> Aim of the exercise
Please write out exactly, without any picture, each line from the first in the listing through the line that includes "ROBIN Serisi, klasik".

> Recorded data
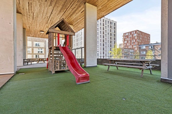 Bewoners hebben toegang tot een grote, gemeenschappelijke binnentuin met speeltuin en picknickplekken — een veilige en sociale omgeving voor gezinnen en buren.
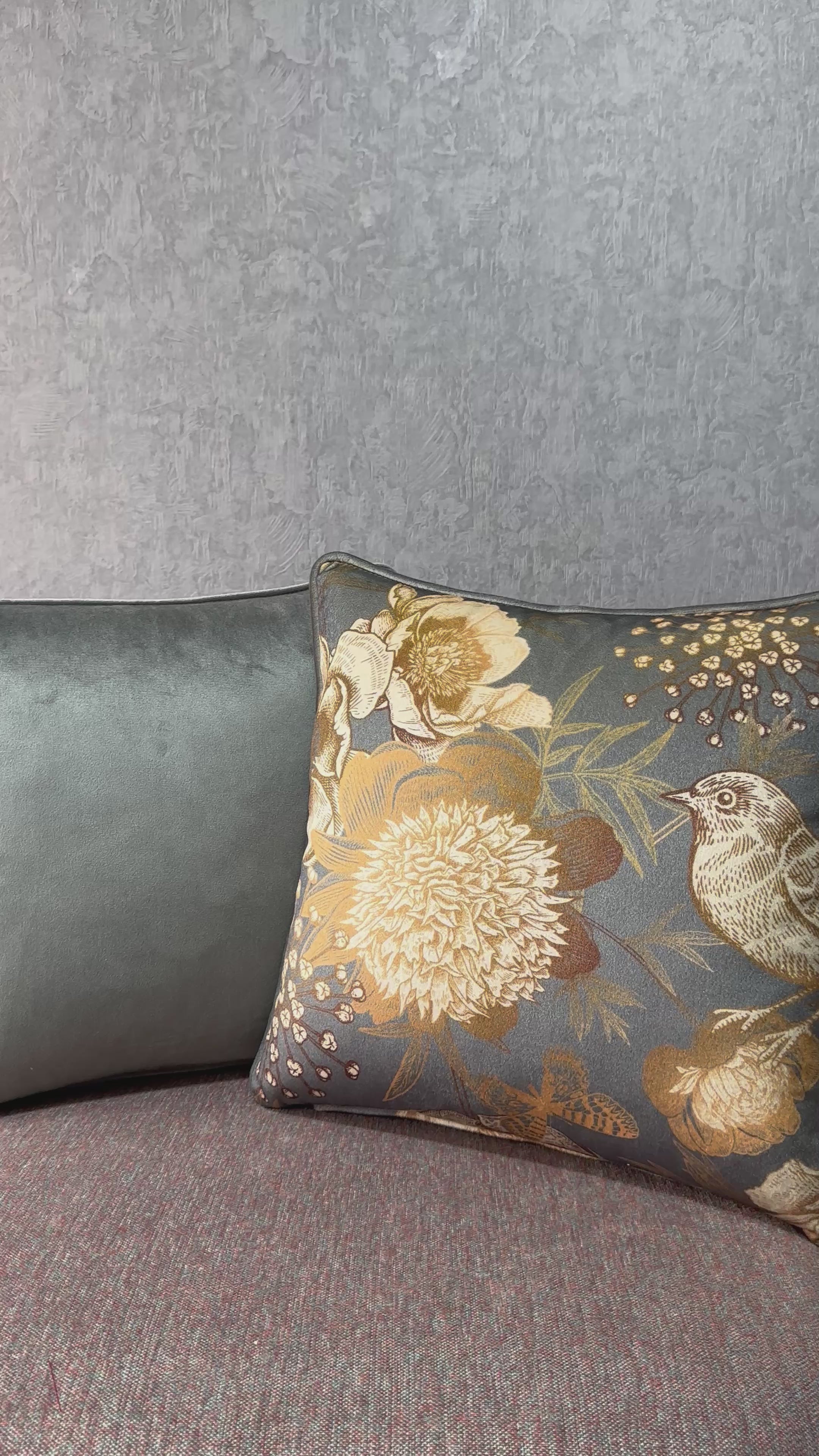 ROBIN Serisi, klasik illüstrasyon tarzındaki kuş ve çiçek desenlerini kadife kumaşın derin ve tok dokusuyla buluşturur. Zengin renk geçişleri ve detaylı desen yapısı, mekâna güçlü bir karakter kazandırırken; kadifenin yumuşak yüzeyi ürüne sofistike bir duruş sağlar.
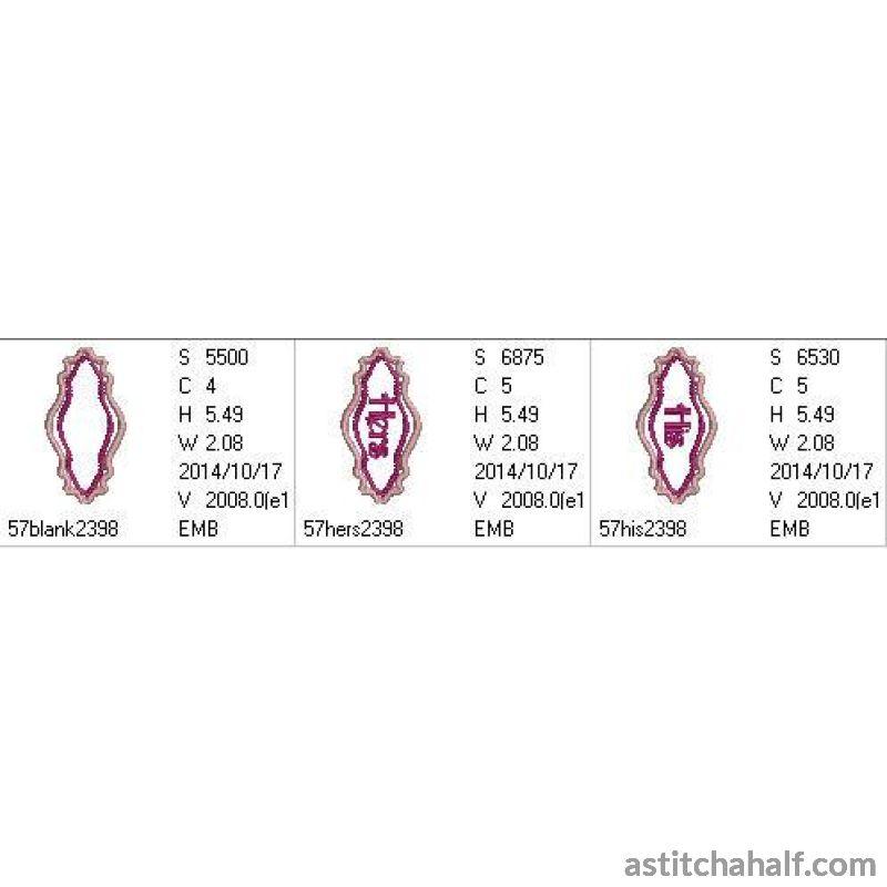 Lavishly and elaborately decorated monograms: His and Hers and a blank where you can customize the monogram for that special occasion.

> Exercise solution
 Bewoners hebben toegang tot een grote, gemeenschappelijke binnentuin met speeltuin en picknickplekken — een veilige en sociale omgeving voor gezinnen en buren.
 ROBIN Serisi, klasik illüstrasyon tarzındaki kuş ve çiçek desenlerini kadife kumaşın derin ve tok dokusuyla buluşturur. Zengin renk geçişleri ve detaylı desen yapısı, mekâna güçlü bir karakter kazandırırken; kadifenin yumuşak yüzeyi ürüne sofistike bir duruş sağlar.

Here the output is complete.